1. A design draft code generation and visual error iteration correction method based on multi-agent cooperation is characterized by comprising the following steps: dynamically generating engineering scaffolds based on large language model agents; automatically converting Figma design data into a structured front-end component description protocol based on engineering scaffolds; automatically converting a structured front-end component description protocol to front-end code, and And performing front-end code automatic verification and iterative repair.
2. The method of claim 1, wherein dynamically generating engineering scaffolds based on large language model agents comprises: Extracting the item name from Figma links; in the local file system, constructing a directory tree according to the project names to finish deterministic initialization of the directory structure of the working space; And generating engineering scaffolds by using the system prompt word constraint based on the large language model intelligent agent.
3. The method of claim 1, wherein the engineering scaffold-based automatic conversion of Figma design data into a structured front-end component description protocol comprises: performing recursive traversal on the design data, extracting space coordinate information of each node from the design data, and constructing a lightweight hierarchical coordinate representation; the hierarchical coordinate data and the design manuscript thumbnail are used as multi-mode input together, the semantic component hierarchical structure is deduced through a large model, and a component tree is obtained through division; Carrying out single-pass post-processing on the output result of the large model, and simultaneously finishing field standardization, original design node backfilling and file path labeling; performing recursive traversal on the component tree, identifying repeated similar component examples, calling a large model to extract attribute definition and actual content data of each example, and combining a plurality of repeated examples into a single template node; Automatically identifying corresponding pictures in all nodes and storing the pictures to corresponding file paths; A structured front-end component description protocol is obtained.
4. A method according to claim 3, wherein each component in the component tree contains a number of design elements not below a given threshold; the maximum nesting depth of the component tree is not higher than a given threshold; The component tree divides the sub-components by visual space location.
5. The method of claim 1, wherein automatically converting the structured front-end component description protocol into front-end code comprises: traversing the structured front-end component description protocol to obtain a node list; generating a concurrency code for the node list through the concurrency pool, wherein the node type comprises a leaf node component or a non-leaf node component; writing a cache file immediately after each node is generated, so as to prevent interruption and loss of progress; after all nodes are generated, the root component is injected into the entry file.

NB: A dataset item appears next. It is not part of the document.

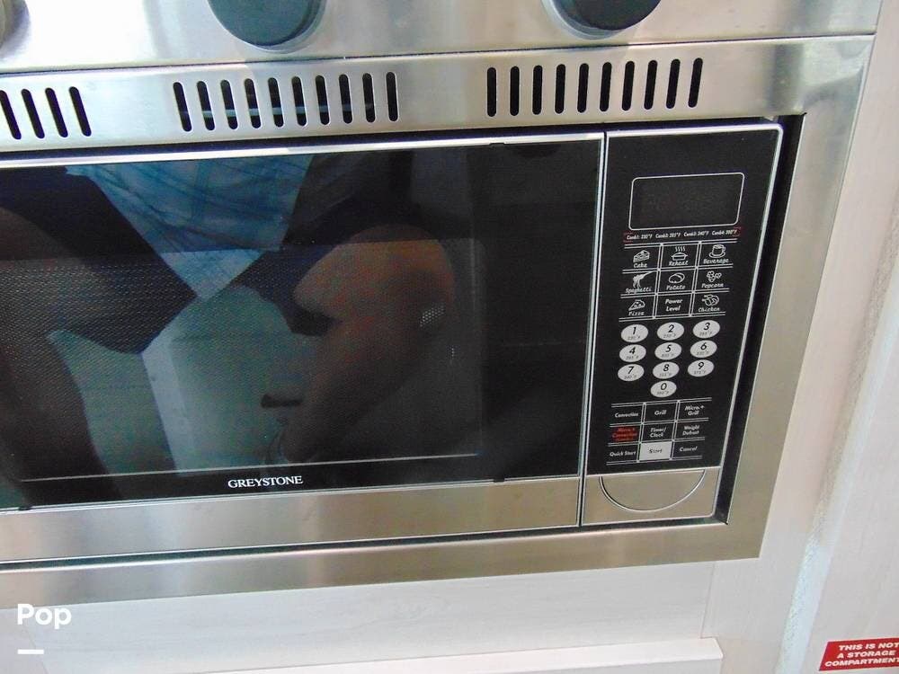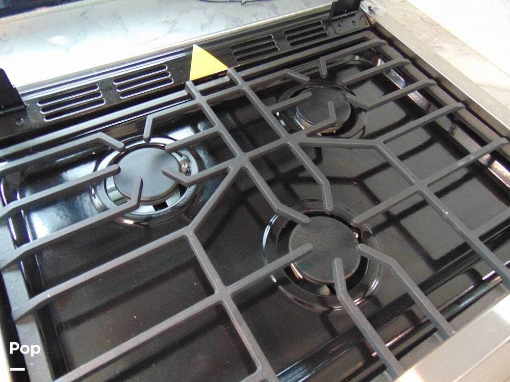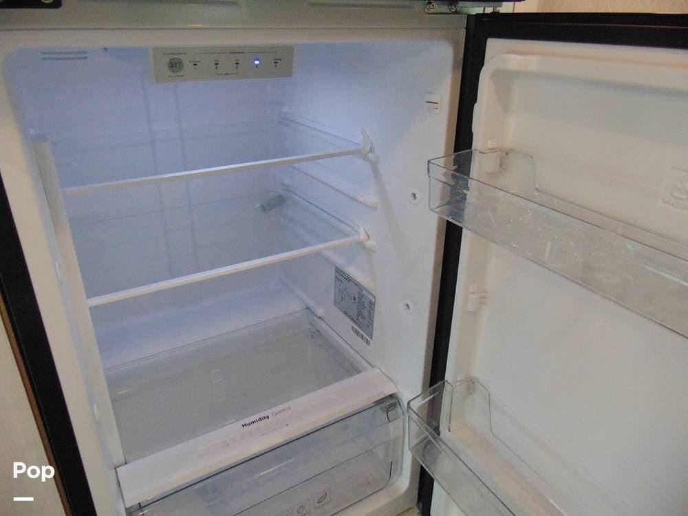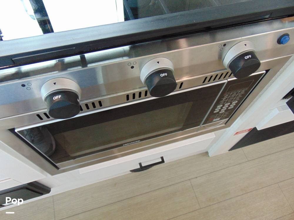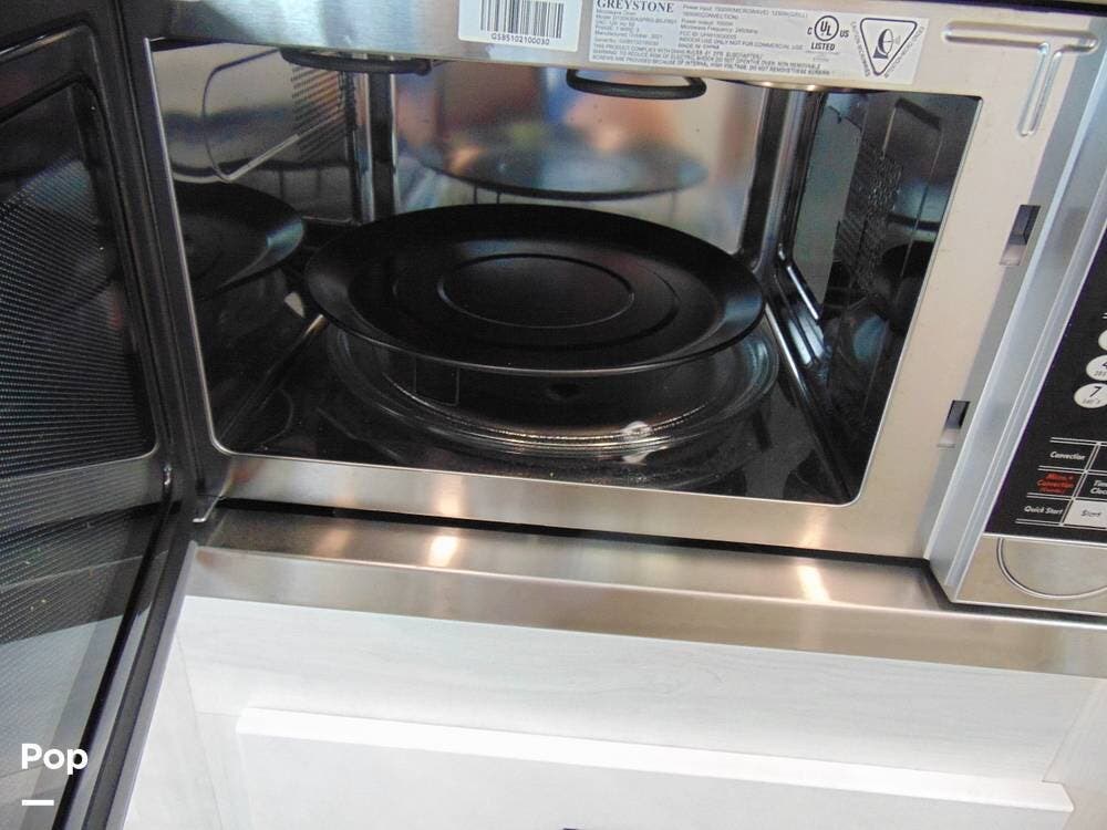 The galley has a three-burner cooktop, a microwave, a deep stainless steel sink, and a large refrigerator/freezer. There's lots of cupboard space and with the flip-up counter extension, there's plenty of room to work as well.

6. The method of claim 1, wherein the performing front-end code automatic verification and iterative repair comprises: The server starts the intelligent agent to execute the installation of the dependency on the generated engineering, constructs the compiling and automatically restores the grammar errors, and starts the local development server after success; Positioning the actual rendering boundary frame coordinates of each component in the page, calculating a two-dimensional absolute error component by component with Figma design coordinates recorded in a structured front-end component description protocol, and summarizing and calculating global MAE and SAE; outputting a component list with deviation exceeding a threshold value; marking deviation areas on the rendering screenshot and the design manuscript thumbnail respectively through a visualization tool pair deviation component to generate a rendering annotation drawing, a design manuscript annotation drawing and a merging comparison drawing; Judger the agent receives the coordinate data of the deviation component, figma layout metadata, a source code file path, a merging contrast diagram and a history repairing record, and outputs a structural diagnosis result containing error types and repairing instructions; refiner the agent executes directional modification on the source code of the target component according to the diagnosis result, and returns the modification times and the modification abstract of the modification result; after the restoration of all deviation components is completed, closing the current development server, re-executing engineering construction and operability verification, starting the local development server after the verification is passed, and entering the next iteration; if MAE is less than or equal to 3px, executing Git submission and terminating iteration, and generating an interactive HTML report of the design draft and the final rendering result side by side comparison screenshot, the pixel difference thermodynamic diagram and MAE quantized data of each component based on the last round of verification result.
7. The method of claim 2, wherein the directory tree comprises: A my-app configured as a generated application source code catalog; a process configured as an intermediate product catalog; checkpoint, which is configured to breakpoint resume database directory.
8. The method of claim 5, wherein the leaf node component is an atomic level UI element that does not contain sub-components; the non-leaf node assembly is a container-level assembly, and a plurality of sub-assemblies are arranged in a combined mode according to a layout rule.
9. A design draft code generation and visual error iterative correction system based on multi-agent cooperation, characterized by comprising a processor and a memory, wherein the memory stores a computer program, and the processor implements the method of any one of claims 1 to 8 when executing the computer program.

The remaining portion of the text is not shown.